The issue of whether Taiwan is part of the sovereign territory of that “China,” not the PRC, not the ROC, but “big China,” is a separate one and has to do with defining what the sovereign territory of that China is. It happens that for many years, both the PRC and the ROC asserted vigorously that Taiwan was a part of China. But Taiwan’s main supporter, the United States, took a different view for its own reasons.
This is not to say that at some point in the future, this issue can’t be resolved. But it does mean that this issue will continue. It’s fair to say that on Taiwan, there are now different views as to whether the territory of Taiwan is part of “China’s” sovereign territory, whichever the government of that China may be, and different parties have different views.
Ryan Hass:
And broadly speaking, what is the distinction between Taiwan’s two main political parties on this question? The Kuomintang (KMT) and the Democratic Progressive Party (DPP)?
Richard Bush:
Simply put, the nationalist party, the Kuomintang, maintains the view that the Republic of China is the government of all of China and that Taiwan is a part of that China.
People in the green camp [the DPP] have thought in different ways about this question. Some place a lot of emphasis on the fact that Japan only divested itself of Taiwan but didn’t vest it in anybody else. One can interpret an initiative by then-President Lee Teng-hui’s statement in 1999, which said most famously that the two sides of the Strait are in a special state-to-state relationship. But read closely, it also seemed to suggest that the territory of the ROC was limited to that territory where the government had been selected in free elections: Taiwan, the Pescadores Islands (or the Penghu Islands), and the Kinmen and Matsu Islands.
In recent years, this issue has not received too much discussion on Taiwan—that may be a good thing.
Ryan Hass:
I want to ask you about a separate topic. China maintains a “One China” principle. The United States has a “One China” policy. What differentiates the two, and why does it matter?
Richard Bush:
Well, the “One China” principle states that there’s one China in the world, that the PRC is the sole legal government of that China, that Taiwan is a part of China, and the Taiwan issue is an internal affair of China. Therefore, the ROC and the PRC are in a suspended civil war.
The United States’ view, the “One China” policy, is that we recognize that the government of the People’s Republic of China is the sole legal government of China. Moreover, the PRC should have the seat in the United Nations, and we agreed to establish diplomatic relations with it.
However, as I indicated before, we only acknowledge the PRC position that there is but one China and that Taiwan is a part of China. So, it’s clearly not our position that Taiwan is a part of that China. That is up for future discussion.
Also, we believe that Taiwan is an issue of international peace and security. It’s not China’s internal affairs. And we unilaterally stated our strong expectation at the time of normalization with the PRC, and many times thereafter, that, however the division between the two sides of the Strait is resolved, it should be done peacefully.
Ryan Hass:
On this issue, you wrote a detailed policy brief in 2017 explaining the background and logic of the “One China” policy. Why did you write that, and what were some of the main takeaways?
Richard Bush:
2017 was a long time after the core of our “One China” policy was formulated in earlier decades, and we were looking forward to the visit of President Xi Jinping to Mar-a-Lago. An Asia official in the Trump administration asked me if I could recommend something good on the history of the “One China” policy.
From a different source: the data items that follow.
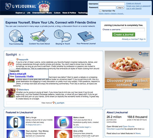 It was Blogger that hooked millions into blogging and launched the whole blogging phenomenon, not Live Journal. As someone who remembers in the beginning when blogging first became “big”, I just find it so odd that Live Journal is being credited for that.
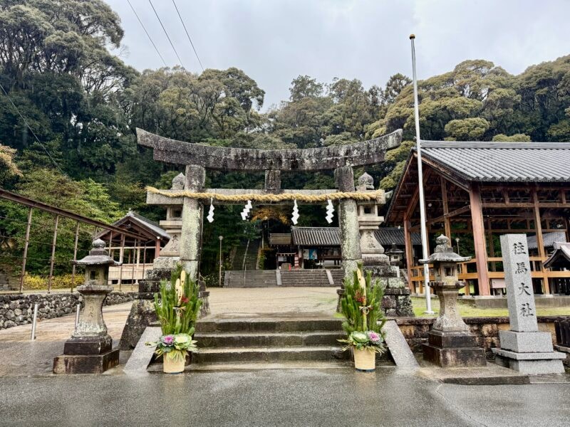 鳥居をくぐり、深い緑に包まれた階段を上がって本殿を目指します。
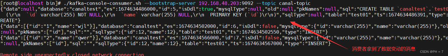 4.在canaltest数据库随便建一张表,做增删改的操作,Kafka的canal-topic消费者就能接收到数据变化的消息
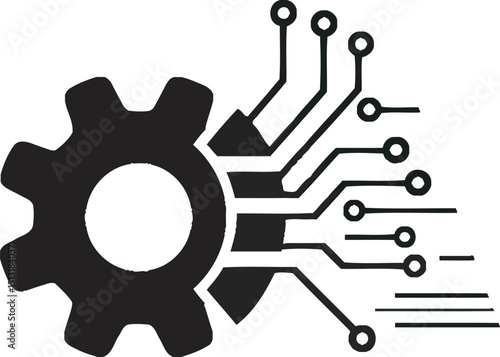 A black and white graphic shows a gear merging with circuit board lines, symbolizing the fusion of machinery and technology innovation.
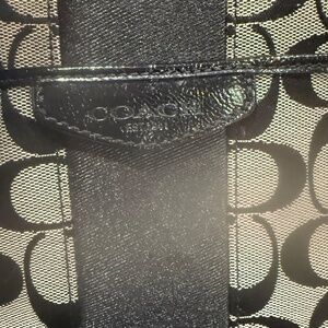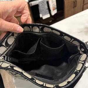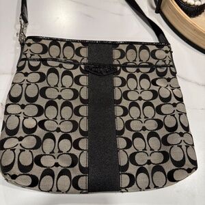 • Authentic Coach Signature Stripe Swing pack (style #F28502) in brown jacquard canvas with the classic “C” logo print.
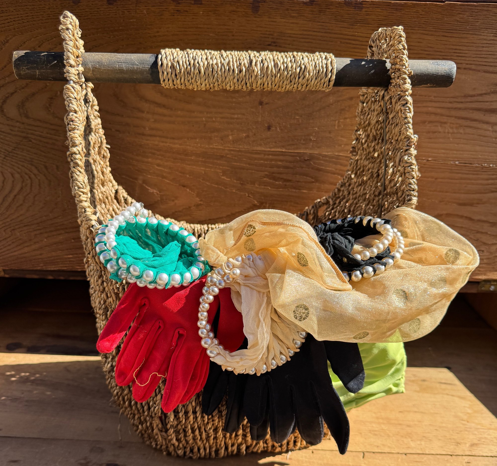 Lot of vintage accessories and basket
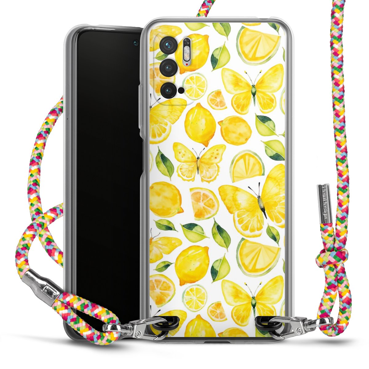 The flexible case is made from a highquality TPU material (thermoplastic Polyurethan). Thanks to its longlasting and break resistant characterisitcs, the case is flexible yet consistent in form and has a great grip and feel. The textile strap made from Polyester gives a chic yet casual accent allowing you to carry your phone like a bag or necklace - a practical gadget perfect for your next adventure. The textile strap is about 1.70 meters long and the length can easily be adjusted through the knots. Our Carry Case is available in Colourful, Mint-Camouflage, Very-Berry, Sahara-Sand and Sparkling-Neon. The ends of the textile strap are covered with metallic end caps to protect them against fraying.
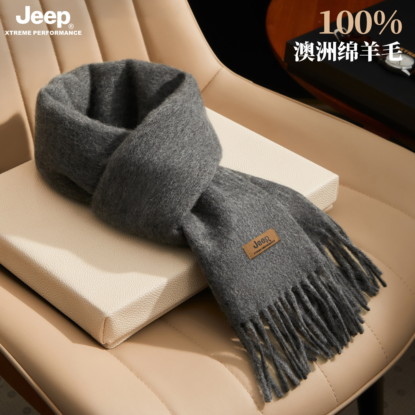 jeep吉普100%绵羊毛围巾男士商务冬季保暖围脖礼盒装送男友礼物冬
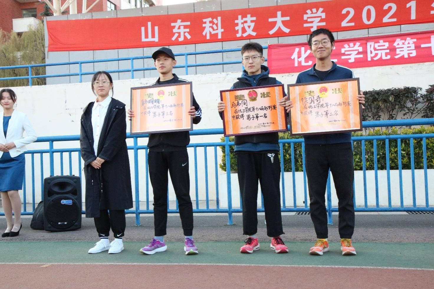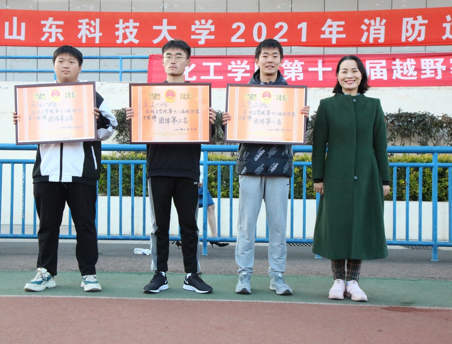此次越野赛以班级为单位,男子组、女子组各一队,采用合作积分制。简短的开幕仪式后比赛正式开始。比赛一开始,同学们都像离弦的箭一般迅速出发。比赛过程中,同学们意气风发,拼尽全力你追我赶,展现出顽强的斗志和昂扬的姿态。比赛途中还设立了多个补给点,为参赛同学提供热水。经过激烈的比拼,最终马韦同、徐国奇、韩明明夺得男子组冠、亚、季军,郑凤雨、李双双、王云喆包揽女子组前三甲。工艺二班、生工一班和应化一班分别获得团体前三名,矿加二班与生工二班获得精神文明奖。
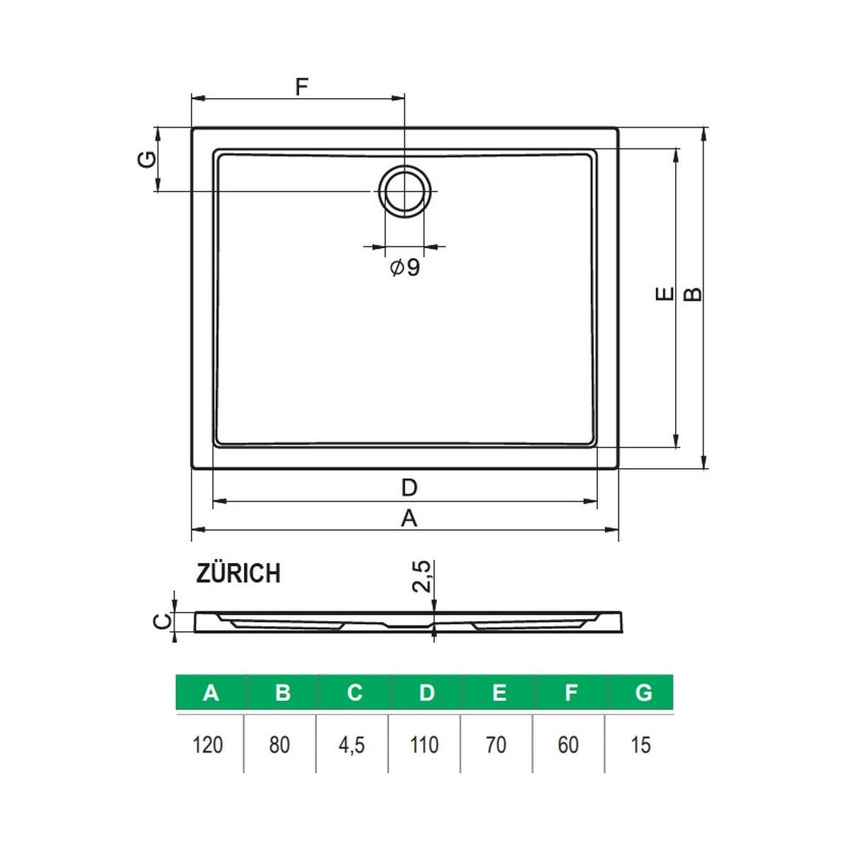 Riho Zurich Rechteckige Duschwanne 120x80 cm weiß D001015005
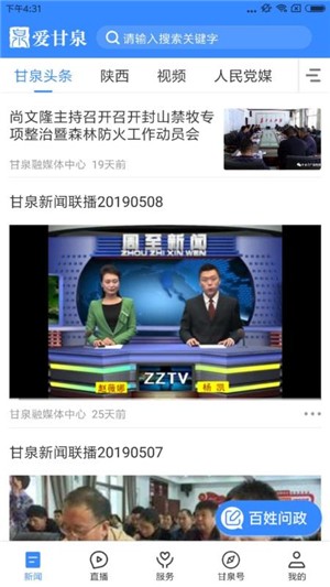 爱甘泉是为甘泉百姓准备的新闻资讯阅读软件,这里可以观看最新的时事还有本地资讯,让用户手机上就可以及时看到最新政治动态和民生生活,只需要输入关键字就可以查看自己想看的,还有直播新闻和各种服务等你体验哦,快来下载吧!
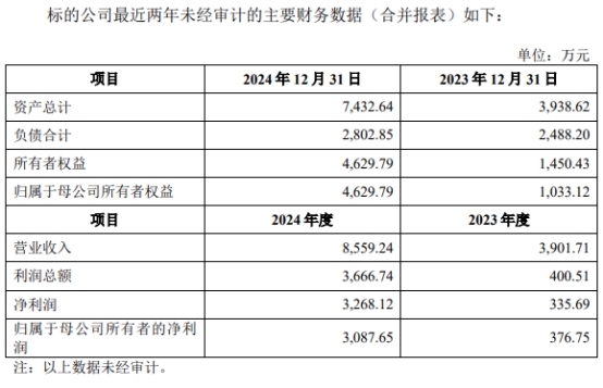 2023年、2024年,标的公司营业收入分别为3,901.71万元、8,559.24万元,净利润分别为335.69万元、3,268.12万元,归属于母公司所有者的净利润分别为376.75万元、3,087.65万元。
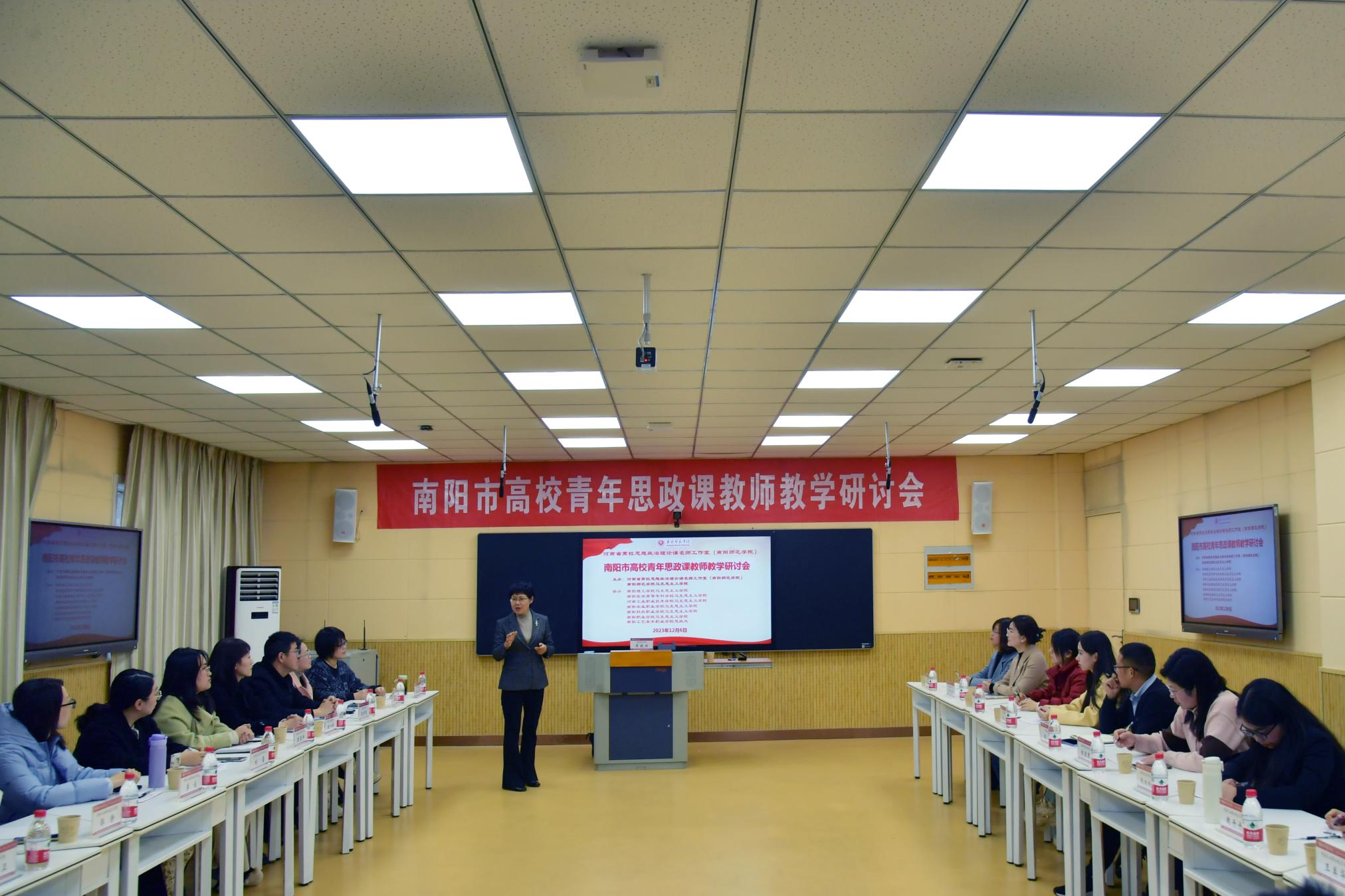 本网讯(陈京/文 李雯 李少峰/图)12月6日下午,南阳市高校青年思政课教师教学研讨会在必赢71886网址登录科技大楼智慧教室135举行。本次研讨会由河南省高校思想政治理论课名师工作室(必赢71886网址登录)和必赢71886网址登录马克思主义学院主办,南阳市其他7所本科、大专院校马克思主义学院或思政部协办。河南省高校思想政治理论课教学名师工作室(必赢71886网址登录)负责人席晓丽主持本次研讨会。
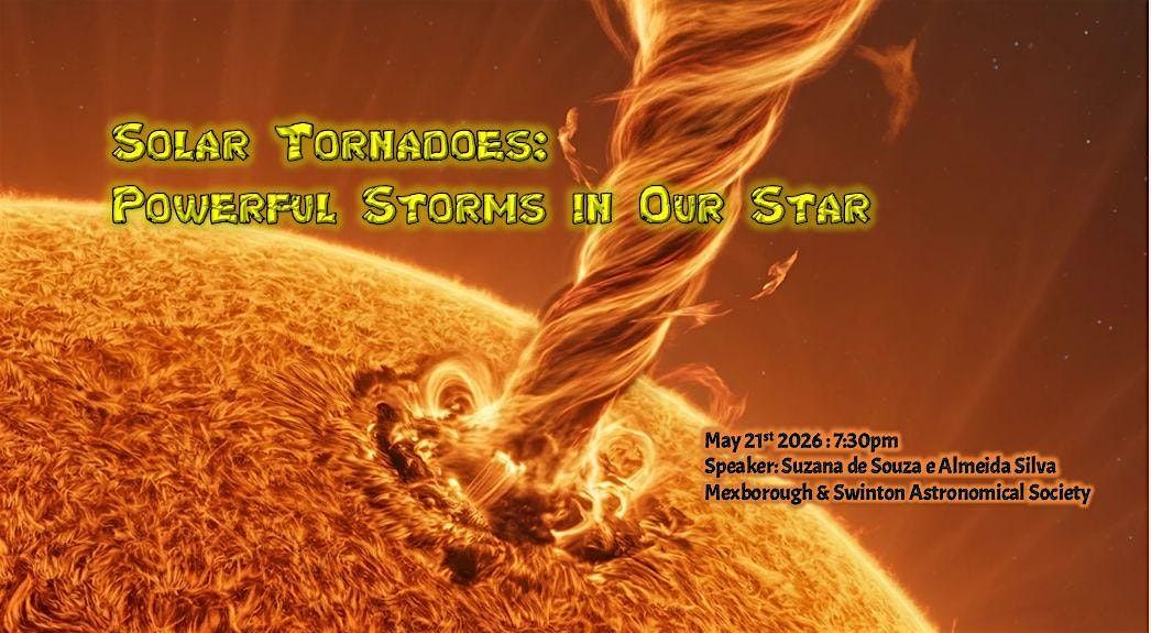 Tornadoes on Earth are among the most dramatic and powerful events in nature, formed by columns of rapidly rotating air. What may come as a surprise is that similar swirling structures also exist far beyond our planet, including the Sun's atmosphere. On the Sun, these “solar tornadoes” are not made of air, but of extremely hot, electrically charged gas guided by intense, twisted magnetic fields. This magnetic structure allows them to grow to enormous sizes, reaching thousands of times the size of any tornado on Earth and becoming far more energetic. In this talk, we will explore what solar tornadoes are, how they are observed, and why they matter. We will also discuss how they could influence space weather and, in some cases, affect technologies we rely on in everyday life here on Earth.

I agreed to do it. I looked around, but nothing particularly satisfied me, or I thought what I found would be too scattershot to be meaningful. So, I just decided to write it myself. I got the draft done before the Mar-a-Lago visit and sent it to my friends in the administration. I included a list of do’s and don’ts on Taiwan. It’s still out there, it’s available on the Brookings website.
Ryan Hass:
And, on the Brookings website, it’s one of the most read pieces in recent years.
Richard Bush:
Oh, well, I’m glad I did it. I actually learned some things that I didn’t know.
Ryan Hass:
There are advocates for updating America’s declaratory policy and for changing key tenets, because they argue that they were compromises with Beijing during a bygone era. Much has changed since many of our policy positions were established. Therefore, our policy needs to adapt, according to their logic. How do you respond to those suggestions, that ideas such as dual deterrence are out of date, overly ambiguous, and should be replaced with greater clarity about America’s resolve to defend Taiwan?
Richard Bush:
I can understand why people might think this, but I think that they fail to recognize that our policies actually evolved over time to adjust to changes in circumstances.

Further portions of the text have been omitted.